What defects commonly occur with surface mount soldering?
Common SMT soldering defects include:
- Insufficient solder or dry joints
- Excessive voiding in solder joints
- Cold or fractured solder joints
- Bridging between adjacent joints
- Solder balls or splatter
- Overheated, burnt or lifted pads
- Tombstoning or drawbriding of components
Tight process control during pasting, placement and reflow minimizes defects.
What are some key tips for hand soldering SMT components?

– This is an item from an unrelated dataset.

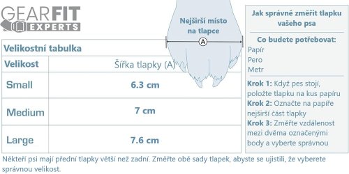 Balenie obsahuje 2 ks topánok. Psie labky sú obvykle väčšie vpredu a menšie vzadu. Pred kúpou teda zmerajte prednú aj zadnú labku.
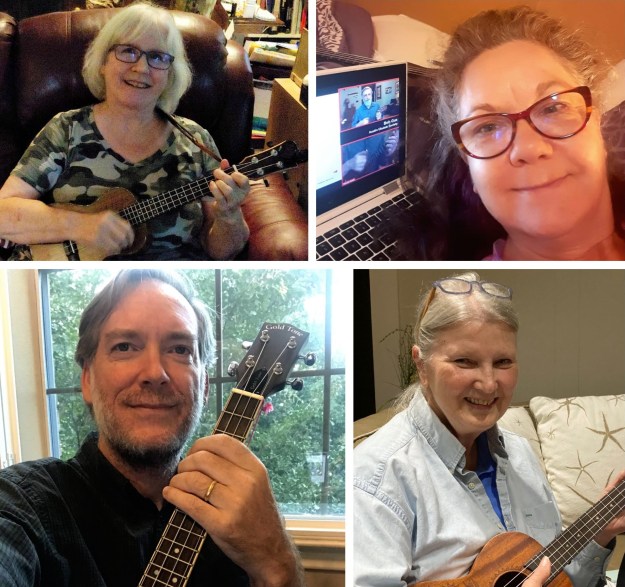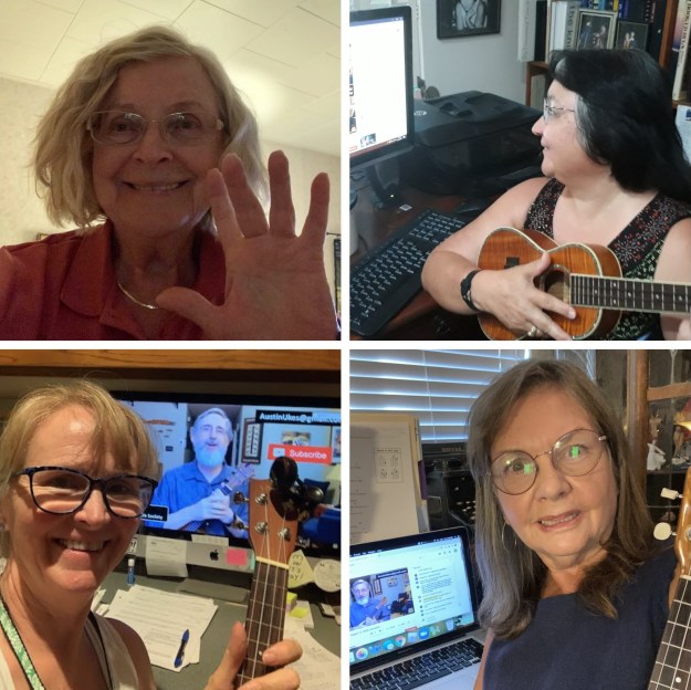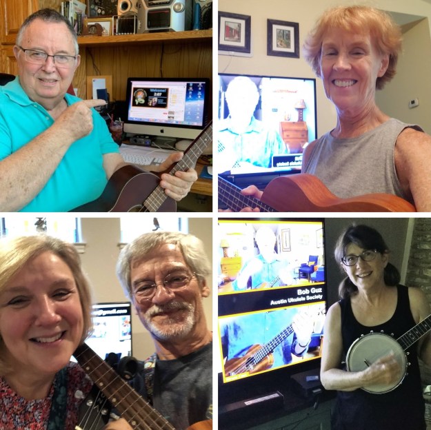 On a mid-August evening, nearly 200 ukulele players on at least four continents (North America, South America, Europe and Australia) met up virtually to play music and sing songs, in pandemic-style togetherness, keeping the ukulele kindred spirit going strong. As the Austin Ukulele Society’s virtual meeting got started, everyone had a great time catching up over the live chat and seeing a cool photo of Bob’s grandpa playing ukulele in 1930. Bob then shared some local ukulele news, including a recap of our recent fundraiser for Kick Butt Coffee, and we launched into our warm up song (Bob Marley’s “Three Little Birds.”)

Tips for manually hand soldering SMT parts:
- Use a fine tip suitable for the component size
- Carefully control soldering iron temperature
- Use miniature solder wire or premixed paste
- Apply flux to enable good wetting
- Avoid overheating parts or lifting pads
- Visual inspect joints for acceptable fill and fillets
Though challenging, with proper tools and technique SMT components can be hand assembled successfully.